● Dataset content

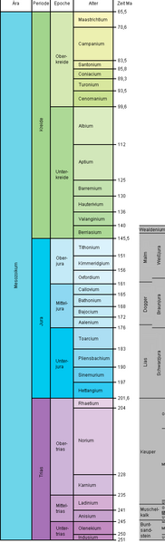 Altersangaben nach: Farbgebung angelehnt an: Stratigraphische Einordnung der Germanischen Trias, des mitteleuropäischen Jura und des Wealdenium nach: Not included from third file version onwards: |
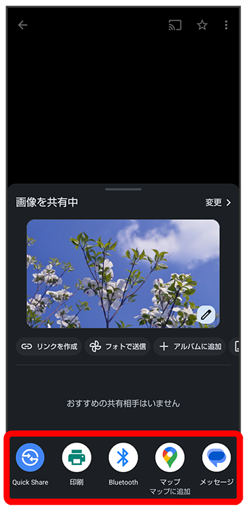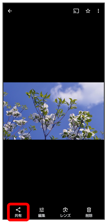 フォト画面で対象の写真/動画をロングタッチ(
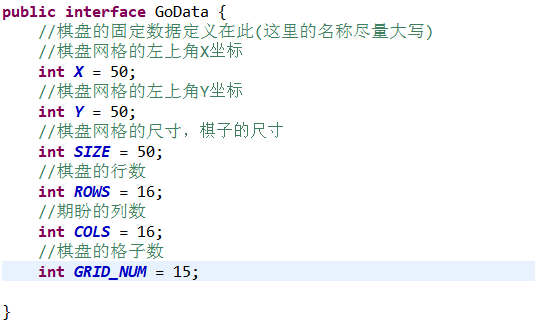 棋盘画线:接口当中定义的属性是常量,所以我们创建一个接口(interface)把棋盘的固定数据定义在此
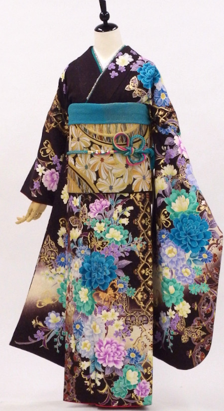 【特別価格セール品】正絹振袖22点セットUSED販売/ 1858-27843-27100 /黒

● Problem to work on
The answer is to be the lines of the listing from the first through the one with "棋盘画线:接口当中定义的属性", reproduced exactly, without any pictures.

● Answer to this exercise
 Altersangaben nach: Farbgebung angelehnt an: Stratigraphische Einordnung der Germanischen Trias, des mitteleuropäischen Jura und des Wealdenium nach: Not included from third file version onwards: |
 フォト画面で対象の写真/動画をロングタッチ(
 棋盘画线:接口当中定义的属性是常量,所以我们创建一个接口(interface)把棋盘的固定数据定义在此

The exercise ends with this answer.